For years, Northwest voters and The Herald have embraced a supermajority requirement on state lawmakers hoping to fiddle with revenue. Here, we believed, was a cudgel for innovation and to scrub every budget to its marrow. If you want to fine-tooth taxes — including revisiting exemptions for big businesses that bleed billions from taxpayers — you better corral two-thirds of the chamber or it’s a non-starter.
Just two years ago, the Herald Editorial Board weighed in affirmatively on another supermajority measure, Tim Eyman’s I-1053. “Failing to approve 1-1053 would take away much of the pressure to enact true reforms, telling lawmakers that higher taxes are not only OK, but a desirable part of the budget solution.”
We were wrong. Rather than pressure reforms, Eyman’s supermajority rule has spurred paralysis. Rather than bolster creative solutions to benefit the average taxpayer, the two-thirds’ mandate is now one of the apron strings special interests hide behind to avoid ponying up.
The latest incarnation of Eyman’s supermajority effort, I-1185, is bankrolled by the likes of BP (the company that brought us the Deepwater Horizon oil spill) and ConocoPhillips. Each has contributed $100,000, with an additional $400,000 from the Beer Institute. Why so much loot from Big Oil and non-Washington booze interests? With 1185, it takes a simple majority vote in the Legislature to create a tax loophole, but a two-thirds’ supermajority to undo it. Not a bad scheme if you’re a deep-pocketed special interest. It’s a much higher hurdle, however, for Washington families that support tax fairness.
The state Supreme Court is currently adjudicating the constitutionality of the supermajority requirement, and there are compelling reasons to believe it will get struck down. Seattle attorney David Perez has discovered present-at-the-creation evidence that the framers of the state’s Constitution intended the key phrase “unless a majority” to mean a simple majority, no more or no less. If Washingtonians want to impose a have-it-stick supermajority requirement, we’ll need a constitutional amendment.

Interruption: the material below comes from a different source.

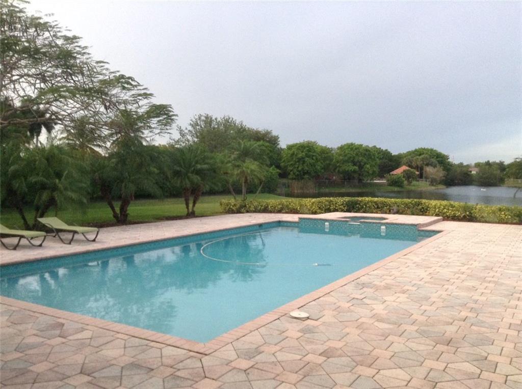 Beautiful home with a relaxing view over Lake in the heart of Weston. Large Pool facing the Lake, green space and well maintained garden. Three car garage, accordion shutters.

And what then? As with other states, Washington will get slammed with growing shortfalls and a slow defunding of education. After the McCleary ruling on K-12 funding (Read: Washington needs $1 billion more for education) it’s difficult to imagine lawmakers getting to yes with a supermajority requirement still in place.
The two-thirds’ rule sounded like an effective stick to batter lawmakers into not raising taxes. Instead, it became a case study in unintended consequences, of corporations preserving their loopholes while lawmakers gave state universities the OK to hike tuition. Washington can do better.
The Herald Editorial Board recommends a no vote on Eyman’s latest, I-1185.